Friday, December 11, 2009

Mainstream Korean food in America? Been there, done that.

Over at The Marmot's Hole, iheartblueballs wrote:
I’ve always told Korean friends of mine that the best potential I saw for a mainstream breakthrough for Korean food was something modeled after the simple Kalbi plates you can get in Hawaii. Basically a semi-fast food type of place with a plate of rice, kalbi, and a few side dishes you can pick, all for $7-10. I always stop at several of them for quick lunches whenever I’m over there. The quality of the meat and the marinade of course separates the good from the bad, but the ones that I’ve been to have all been pretty solid, and they’re pretty popular in Hawaii too….always good crowds for lunch at the places I went to anyway.

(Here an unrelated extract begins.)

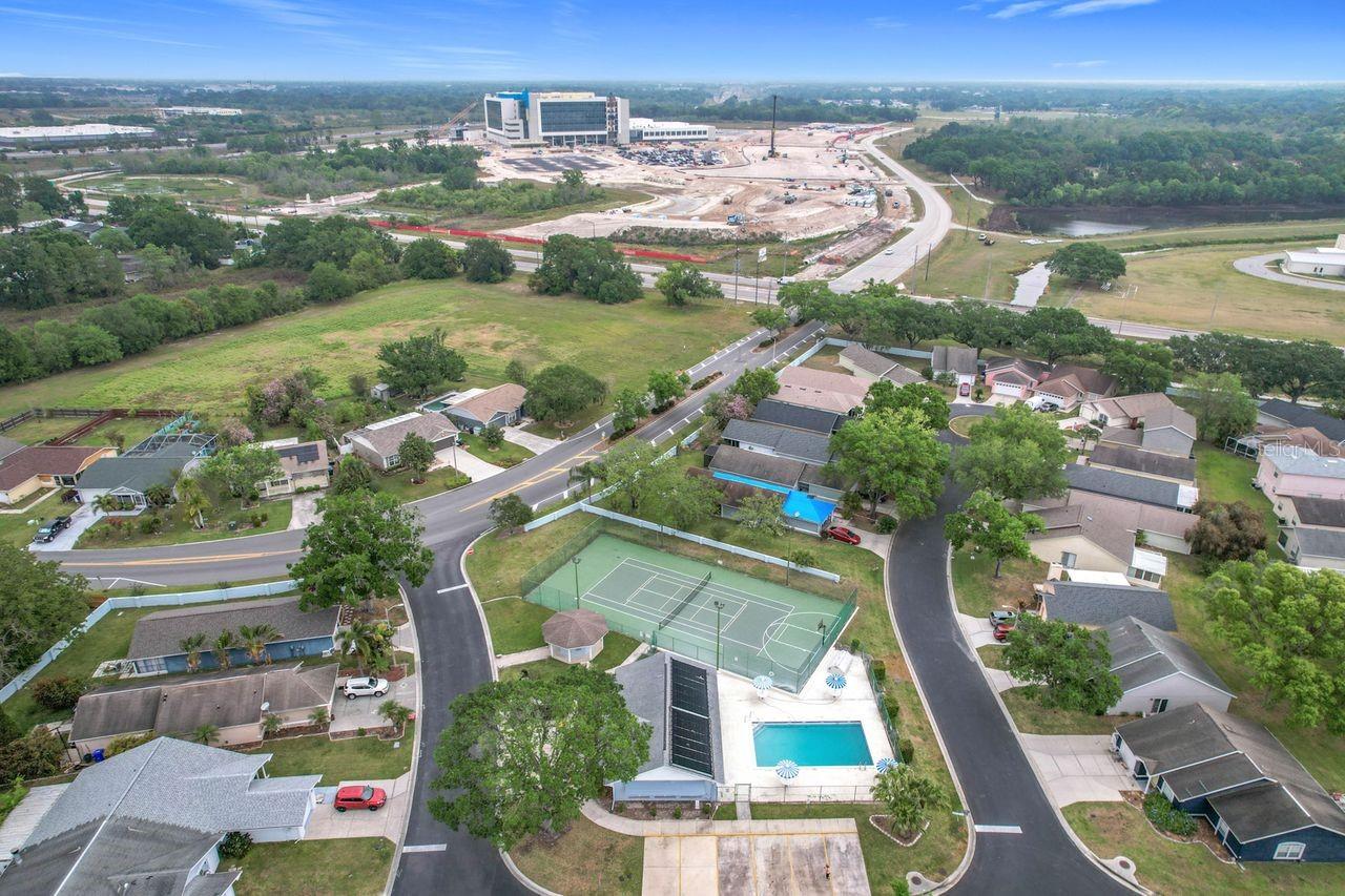One or more photo(s) has been virtually staged. You can't beat the location of this 2 Bedroom, 2 Bathroom Single Family home located off Lakeland Highlands Road in South Lakeland. This home has a loft that could be used as a 3RD BEDROOM or additional living space, vaulted ceilings, tile and new carpeted flooring, quartz countertops, updated bathrooms, a built in desk with shiplap wall, a single car garage with cabinetry, lawn sprinkler system and a BRAND NEW ROOF installed December 2025. Just off the Polk Parkway, across from the soon-to-be opened Orlando Health Hospital complex. You won't find a lower monthly HOA anywhere ( $111.83) and it includes gated POOL with clubhouse, courts for tennis, pickleball or basketball, pond with a private fishing dock AND BASIC LAWN CARE!! Conveniently close to shopping, dining, and traveling throughout Lakeland is a breeze with easy access to the Parkway and I-4. Excellent school districts.
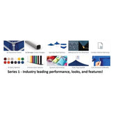 Our 26x13ft canopy tents are built in our Series 1 - offering professional level quality plus heavy-duty features for a robust design. The S1 level has our full selection of standard fabric colors, smart accessories and in-house printing options, as well as professional waterproof, fire-retardant, UV-protection, Limited Lifetime Warranty, and wind-tough performance!

It would be easy to standardize and franchise, and would be cheap enough to draw far more people than the traditionally expensive Korean bbq places ever will. They could kill in food courts at malls, on college campuses, stadiums and arenas, airports, and just about any place that a Panda Express now thrives in. The challenge would be to make a really great tasting meat that could be kept inexpensive, and to pick enough Korean side dishes that are palatable to the average whitebread. Hell, you could even throw the Korean Taco in there and give people a choice of having the meat with rice or in a tortilla.
Ah, yes. What he says sounds spot on. And ihbb has inspired me, after the winter holiday is over and I return to the Garden Island, to try to track down the heads of Yummy's or Pearl, two Korean "fast food" chains here in Hawaii. Yes, chains. Popular chains. You see, someone has already figured out how to Panda Expressify Korean food.